We had been not created for death. It is foreign to the goal of our creation. We had been created for life, for complete and intimate communion with God, who is Life itself. We had been made to be temples of the living God, participants in His Becoming. The Holy Trinity dwelt inside us in our original blessed state, penetrating just about every fiber of our becoming and renewing us at just about every moment. This was the supply of our eternal life—drawing our vitality ceaselessly from the fountain of all Life, all Becoming, all Goodness, which is God Himself.

But the serpent deceived our original parents. He convinced them that they could reside apart from God. “You will not die,” had been his words. He sowed the seeds of doubt the lie of radical autonomy and self-sufficiency the heresy that is the supply of all other folks: that any one or something can reside and thrive apart from communion with God.

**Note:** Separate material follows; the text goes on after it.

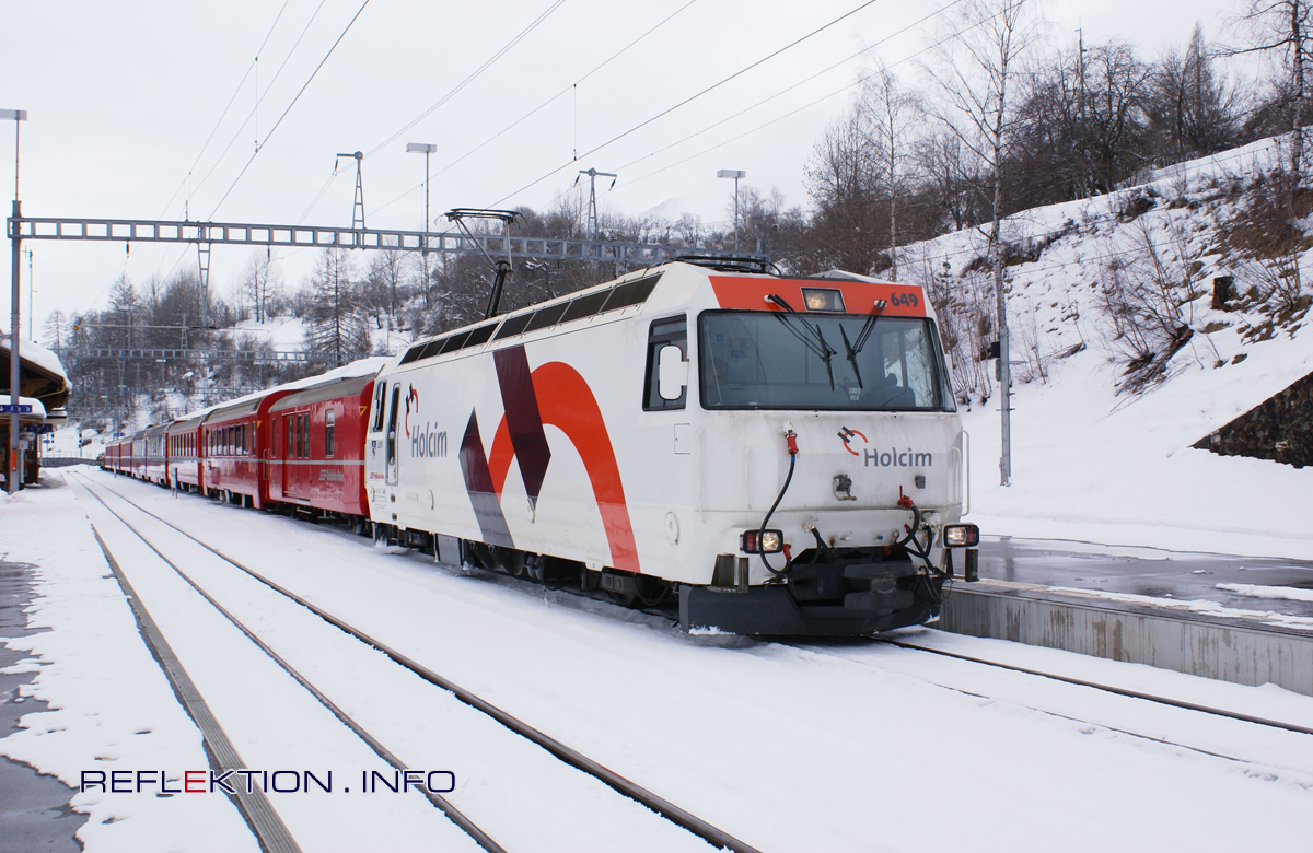 STAZIUN FILISUR - RHÄTISCHE BAHN Filisur, unter Eingeweihten auch “Olten der RhB” genannt, ist eine wichtige Station der Rhätischen Bahn an der Albula-Bahn (ähnlich dem Bahnhof Olten bei den Schweizerischen Bundesbahnen). Hier zweigt von der Linie St. Moritz - Chur die Linie nach Davos ab. Der Schnellzug aus Chur mit der Zuglok Ge 4/4 III 649 wartet die Einfahrt des Gegenzuges aus St. Moritz ab. Vom Schnellzug verdeckt wartet auf dem nächsten Gleis der Zug nach Davos auf die Fahrgäste aus St. Moritz nach Davos. Am Ende der Station im Bild ganz links hinten führt das rechte Gleis in einer Rechtskurve über das berühmte Wiesener Viadukt nach Davos. Das linke Gleis geht ebenfalls in einer allerdings größeren Rechtskurve durch einen kurzen Tunnel und über das noch berühmtere Landwasser-Viadukt nach Thusis und Chur. Im Rücken des Fotografen führt die Strecke eingleisig durch das berühmte Albula-Karussell nach St. Moritz.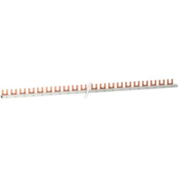 Phasenschiene Gabel Resi9 1-polig, 57TE, ablängbar, Nennstrom 63A, Betriebsspannung (Ue) 230/400V AC, Isolationsspannung 500V Farbe RAL 7035.

Adam and Eve believed this lie. They disobeyed God, and in that moment the flow of living power was reduce off from them. They entered into spiritual death, and their bodies, as well, started gradually to die. Death and decay and disorder entered the world…


This report is adapted from a chapter in Spirit and Life by Rose Rea, which is available from Sophia Institute Press.

Art for this post on the Sacrament of Baptism: Cover and interior pictures applied with permission Featured image applied with permission of Pixabay.

To study far more about the Sacraments, click Right here.